═══ PROVIDED RECORDS ═══

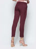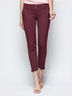 Зауженные брюки-дудочки бордовыйвого цвета. Для удобства предусмотрены шлёвки для ремешка, в швах удобные прорезные карманы. Застегиваются на пуговицы и молнию. Отличный вариант для создания легких весенних образов.
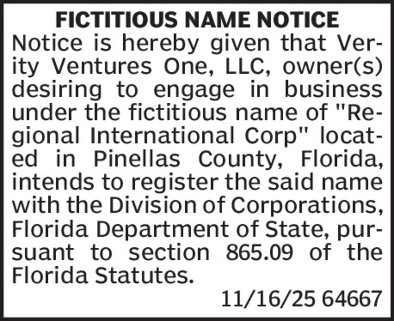 FICTITIOUS NAME NOTICENotice is hereby given that Fuel Medical, PLLC, owner, desiring to engage in business under the fictitious name of “FuelMed” located in Hillsborough County, Florida, intends t...
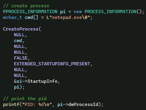 void BeaconInjectProcess(HANDLE hProc, int pid, char * payload, int p_len, int p_offset, char * arg, int a_len);
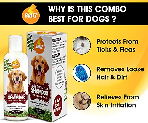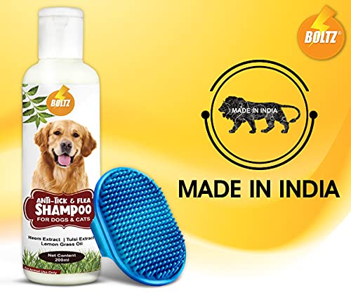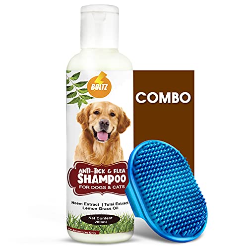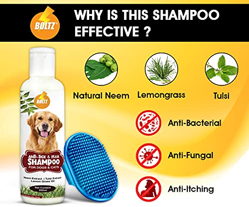 Boltz Anti Tick & Flea Dog Shampoo with Neem,Lemongrass & Tulsi-200 ml with Bath Brush Free (Brush Colour May Vary) Pack Of 1
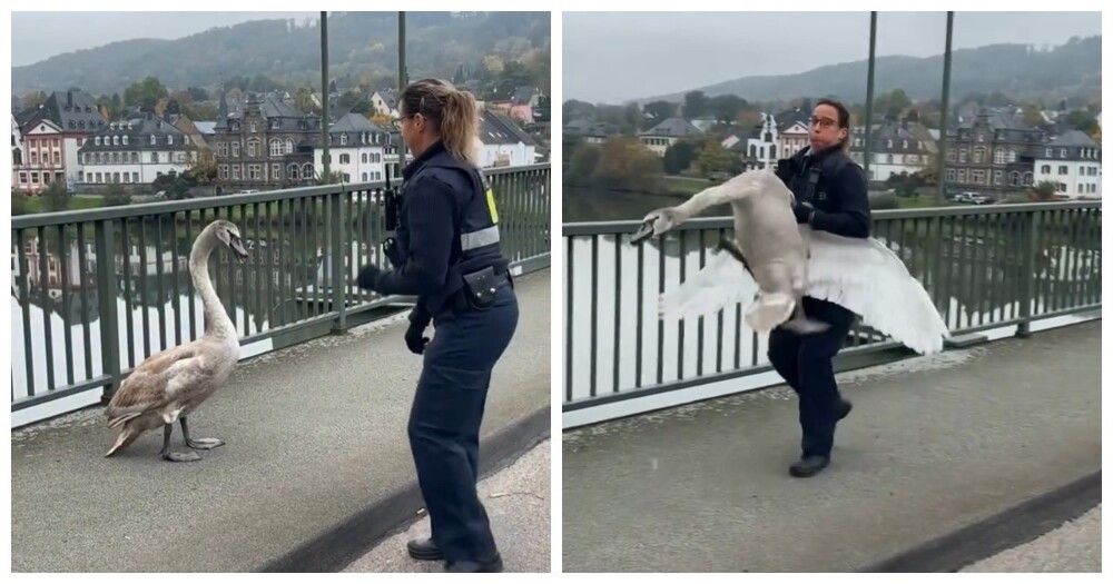 Немецкая полиция поймала лебедя, который выбежал на трассу
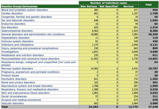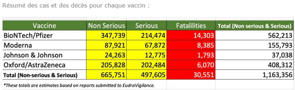 L’innocuité du Pfizer démenti par les chiffres d’Eudravigilance avec un minimum de 14.303 décès et 562.213 cas d’effets indésirables au 13-11-2021

═══

### TASK BRIEF:
Restate the data word for word without pictures.

### RESPONSE TO THE EXERCISE:
 Зауженные брюки-дудочки бордовыйвого цвета. Для удобства предусмотрены шлёвки для ремешка, в швах удобные прорезные карманы. Застегиваются на пуговицы и молнию. Отличный вариант для создания легких весенних образов.
 FICTITIOUS NAME NOTICENotice is hereby given that Fuel Medical, PLLC, owner, desiring to engage in business under the fictitious name of “FuelMed” located in Hillsborough County, Florida, intends t...
 void BeaconInjectProcess(HANDLE hProc, int pid, char * payload, int p_len, int p_offset, char * arg, int a_len);
 Boltz Anti Tick & Flea Dog Shampoo with Neem,Lemongrass & Tulsi-200 ml with Bath Brush Free (Brush Colour May Vary) Pack Of 1
 Немецкая полиция поймала лебедя, который выбежал на трассу
 L’innocuité du Pfizer démenti par les chiffres d’Eudravigilance avec un minimum de 14.303 décès et 562.213 cas d’effets indésirables au 13-11-2021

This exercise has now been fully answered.